-------- Exercise materials

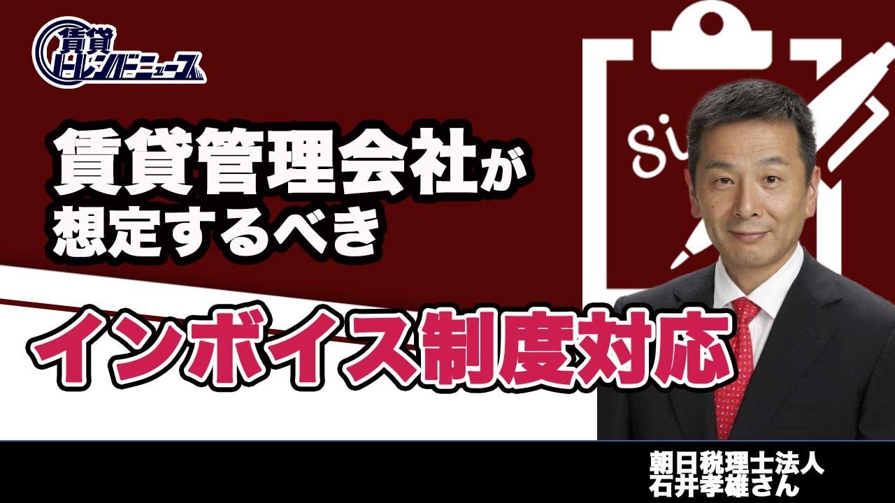 賃貸管理会社は、修繕・メンテナンスや定期清掃業務の多くを、消費税の納税義務を免除された個人事業主や零細企業免税事業者に委託しています。そのため、これら取引先に「適格請求書発行事業者」として登録を依頼するか、これらの取引に関して「仕入れ税額控除」をあきらめるか、管理会社は選択を迫られます。想定される影響について、朝日税理士法人、代表社員の石井孝雄税理士をゲストに迎え、話を聞きます。
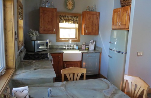 The house is just 3 miles north of historic Pagosa Springs with its hot springs, trails, restaurants and coffee shops — closer to Wolf Creek than if you stay in the Pagosa Lakes area. The Hideaway has two bedrooms, 2 baths, full kitchen, washer/dryer, front deck, back deck with grill, and the spiral staircase is an exquisite touch. Everyone raves about the Big Chill retro kitchen appliances.
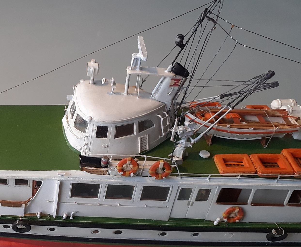 Witam,coś tam przybyło,zamknąłem dachem sterówkę jest komin ze znakiem ,na planach jest poziomo,na zdjęciu inaczej ale tak zostawię,pozdrawiam Marek
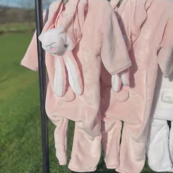 Onesies hyfryd, cynnes ar gyfer y rhai bach | Hooded rabbit all-in-one in super-soft plush fabric. Floppy ears, eyes and nose details are decorated on the hood.
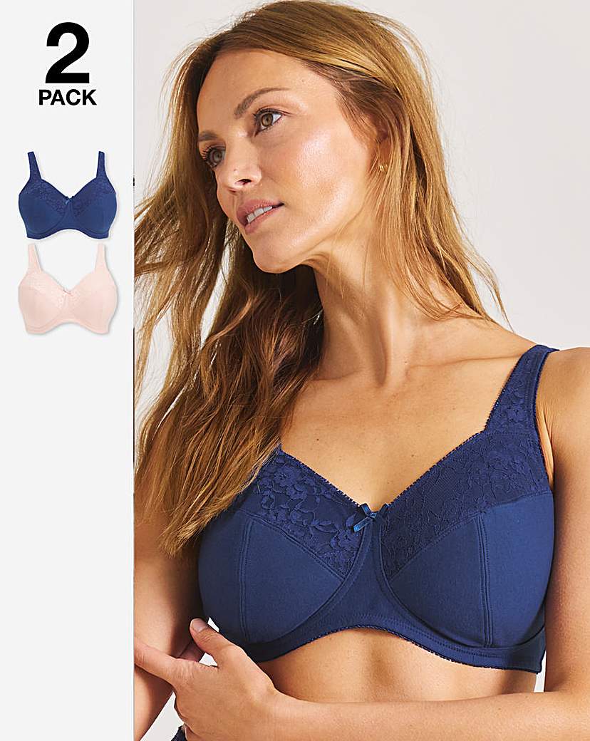 2 Pack New Sarah Full Cup Non Wired Bras Navy/Blush - Pretty Secrets - Size: 38DD
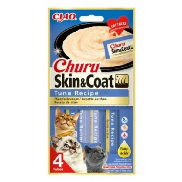 Inaba Churu Piele & Blană cu ton pentru pisici 4 x 14 g
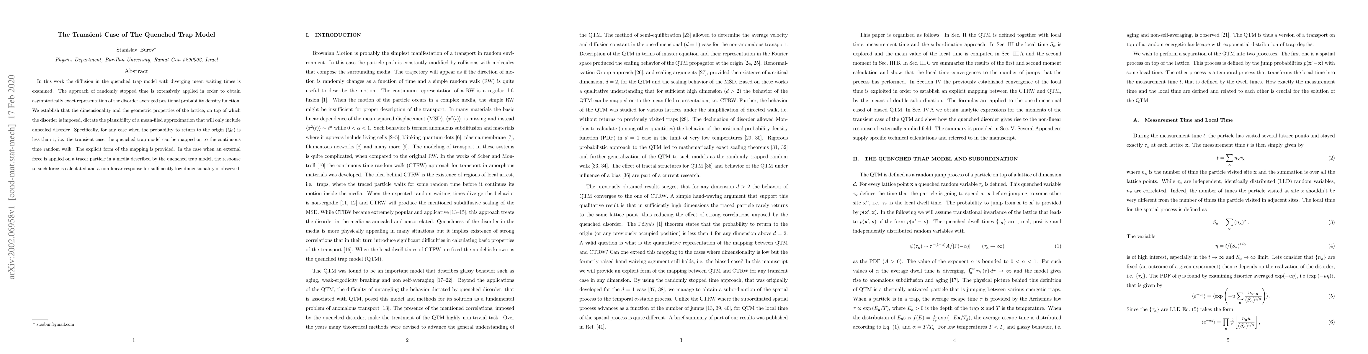 In this work the diffusion in the quenched trap model with diverging mean waiting times is examined. The approach of randomly stopped time is extensively applied in order to obtain asymptotically exact representation of the disorder averaged positional probability density function. We establish that the dimensionality and the geometric properties of the lattice, on top of which the disorder is imposed, dictate the plausibility of a mean-filed approximation that will only include annealed disorder. Specifically, for any case when the probability to return to the origin ($Q_0$) is less than $1$, i.e. the transient case, the quenched trap model can be mapped on to the continuous time random walk. The explicit form of the mapping is provided. In the case when an external force is applied on a tracer particle in a media described by the quenched trap model, the response to such force is calculated and a non-linear response for sufficiently low dimensionality is observed.

----------------

Instructions to follow → All the lines above need to be repeated exactly, with no pictures carried over.

Answer area →
 賃貸管理会社は、修繕・メンテナンスや定期清掃業務の多くを、消費税の納税義務を免除された個人事業主や零細企業免税事業者に委託しています。そのため、これら取引先に「適格請求書発行事業者」として登録を依頼するか、これらの取引に関して「仕入れ税額控除」をあきらめるか、管理会社は選択を迫られます。想定される影響について、朝日税理士法人、代表社員の石井孝雄税理士をゲストに迎え、話を聞きます。
 The house is just 3 miles north of historic Pagosa Springs with its hot springs, trails, restaurants and coffee shops — closer to Wolf Creek than if you stay in the Pagosa Lakes area. The Hideaway has two bedrooms, 2 baths, full kitchen, washer/dryer, front deck, back deck with grill, and the spiral staircase is an exquisite touch. Everyone raves about the Big Chill retro kitchen appliances.
 Witam,coś tam przybyło,zamknąłem dachem sterówkę jest komin ze znakiem ,na planach jest poziomo,na zdjęciu inaczej ale tak zostawię,pozdrawiam Marek
 Onesies hyfryd, cynnes ar gyfer y rhai bach | Hooded rabbit all-in-one in super-soft plush fabric. Floppy ears, eyes and nose details are decorated on the hood.
 2 Pack New Sarah Full Cup Non Wired Bras Navy/Blush - Pretty Secrets - Size: 38DD
 Inaba Churu Piele & Blană cu ton pentru pisici 4 x 14 g
 In this work the diffusion in the quenched trap model with diverging mean waiting times is examined. The approach of randomly stopped time is extensively applied in order to obtain asymptotically exact representation of the disorder averaged positional probability density function. We establish that the dimensionality and the geometric properties of the lattice, on top of which the disorder is imposed, dictate the plausibility of a mean-filed approximation that will only include annealed disorder. Specifically, for any case when the probability to return to the origin ($Q_0$) is less than $1$, i.e. the transient case, the quenched trap model can be mapped on to the continuous time random walk. The explicit form of the mapping is provided. In the case when an external force is applied on a tracer particle in a media described by the quenched trap model, the response to such force is calculated and a non-linear response for sufficiently low dimensionality is observed.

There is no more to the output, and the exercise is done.